# [SOLVED] Can't find my GTA IV save files?



## darthsidius2

I am upgrading my PC to Windows 8 today  and i a m currently playing GTA IV and have made a big progress, so i wanted to create a backup on my save files, but cannot find the files in the directory they should be in:
C:\Users\[username]\AppData\Local\Rockstar Games
I have read that there should be a folder named savefiles or something like that in here, but i can only see "RGSC" and "GTA IV".:banghead:
I am an administrator, the folder IS hidden but i can see the hidden files (it is MY folder which i hid and have already tried to unhide).
Any suggestions on where should i look for my save files?
Thanks in advance.

PD: please don't start asking how did i get W8, i reserved it online from microsoft webpage through my dad's job.


----------



## Thrall

*Re: Can't find my GTA IV save files?*

Hi and welcome to TSF.

Have you looked inside the GTA IV folder? 
The savefile folder should be located inside the GTA IV folder. 
So the path should be something like: C:\Users\[username]\AppData\Local\Rockstar Games\GTA IV\savegames

Please report back if you still can't find them.


----------



## darthsidius2

*Re: Can't find my GTA IV save files?*

Inside the GTA IV folder i can only see Settings and User Music.


----------



## Thrall

*Re: Can't find my GTA IV save files?*

Thats odd, its supposed to be a folder there called "Savegames". Are you able to see hidden folders?
If not I would suggest doing the following: Go to Control panel, then Folder Options, Click on View, then select "Show hidden files, folders and drives" and then press "Apply". 

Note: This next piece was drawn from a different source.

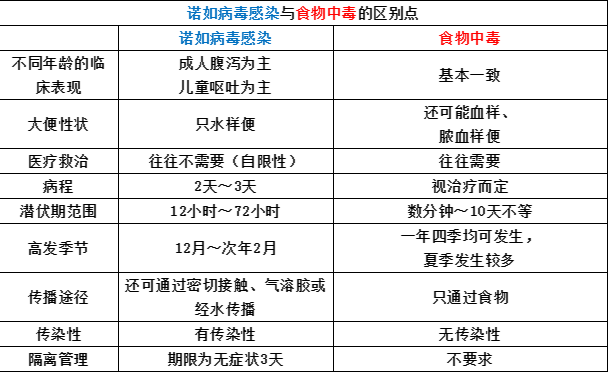 虽然诺如病毒感染属于自限性疾病,多数患者发病后无需治疗,休息2-3天即可康复,但少数病例仍会发展成重症,甚至死亡,且病毒的排泄会延续 2 周左右。 因为症状相似,具有很多相同点,所以诺如病毒感染经常被错认为是食物中毒。以下是诺如病毒感染和食物中毒的区别: 目前诺如病毒感染无疫苗和特效药物,切勿随便使用抗病毒药物,更不要服用抗生素。需要特别关注老人、婴幼儿及有基础性疾病的患者,防止发生严重并发症。 1. 勤洗双手 饭前、便后、加工食物前应按照7步洗手法正确洗手,用肥皂和流动水至少洗20秒。 以下是河南省镇平县第二人民医院检验科 徐瑞平老师编的一首关于洗手的打油诗: 一掌二背三指缝,四洗拇指五指背, 指尖揉搓不能少,最后手腕和手臂, 揉搓揉搓旋转搓,肥皂揉出小泡泡, 流水冲洗半分钟,这样洗洗更健康。 注意:消毒纸巾和免洗手消毒剂对诺如病毒无效,不能代替洗手。 2. 注意食品卫生 喝开水,蔬菜瓜果彻底洗净,烹饪食物要煮熟,尤其是海产品,鱼虾类食物尽量少碰,海产品变质或加工不当都会导致此类问题的出现。少吃或不吃地摊食品,选择卫生安全的用餐场所。 3. 患病期间居家隔离 患者需根据病情居家或入院隔离至症状完全消失后3天,检测呈诺如病毒阳性但无感染性腹泻症状的隐性感染者,也需居家隔离3天。 诺如病毒感染者患病期至康复后3天内不能准备和加工食物或陪护其他患者。 患者患病期间尽量不要和其他健康的家人近距离接触,尤其不要做饭或照顾老人和幼儿。 4. 做好消毒 对患者呕吐物或粪便污染的环境和物品需要使用含氯制剂进行消毒。 在清理受到呕吐物污染的物品时,应戴塑胶手套和口罩,避免直接接触污染物。 具体消毒方法后文有详细介绍。 5. 保持平常心,无需过度担心 诺如病毒感染性腹泻一般病情轻微,持续时间短,绝大多数预后效果良好,大家不必恐慌,尽量养成良好的习惯即可,无需过度担心。 家中一旦出现腹泻、呕吐症状的疑似诺如病毒感染病人,应尽快采取消毒措施。诺如病毒消毒推荐使用含氯消毒剂,不同的对象消毒方法也不同,具体如下: 1、病人呕吐物:配制含量为5000mg/L~10000mg/L含氯消毒液,消毒30分钟以上,用流水冲洗; 2、病人粪便:配制含量为5000mg/L~10000mg/L含氯消毒液,将粪便完全覆盖,消毒30分钟以上,流水彻底冲洗; 3、地面、墙壁:配制浓度为1000mg/L含氯消毒液,喷洒消毒喷湿即可(有肉眼可见污染物时应先清除污染物再消毒),作用时间30分钟以上; 4、衣物、被褥等织物:配制浓度为500mg/L 的含氯消毒剂溶液,浸泡30 分钟,然后清水洗净; 5、食品用具:煮沸或流通蒸汽消毒30 分钟;也可用有效氯为500mg/L 含氯消毒液浸泡30分钟后,再用清水洗净; 6、皮肤、粘膜:立即清除皮肤上的污染物,沾取0.5%碘伏消毒液,擦拭消毒3分钟以上,使用清水清洗干净,粘膜应用大量生理盐水冲洗; 7、室内空气:保持室内空气流通,无人空间也可用紫外线对空气消毒。 图片来源:广东疾控 |

That should allow you to see all folders and files so try that and then see if you can find the savegames folder. If that doesn't work please report back.


----------



## darthsidius2

*Re: Can't find my GTA IV save files?*

I already had that option on...


----------



## Thrall

*Re: Can't find my GTA IV save files?*

Ok at this point I would try to follow the steps given here: GTAForums.com -> Frequently Asked Questions to backup your savefiles. I hope that helps otherwise maybe someone else here has a better suggestion.


----------



## Johnny1982

*Re: Can't find my GTA IV save files?*

I can make sure for you on my PC after work. I have GTA IV EFLC.


----------



## darthsidius2

*Re: Can't find my GTA IV save files?*



Thrall said:


> Ok at this point I would try to follow the steps given here: GTAForums.com -> Frequently Asked Questions to backup your savefiles. I hope that helps otherwise maybe someone else here has a better suggestion.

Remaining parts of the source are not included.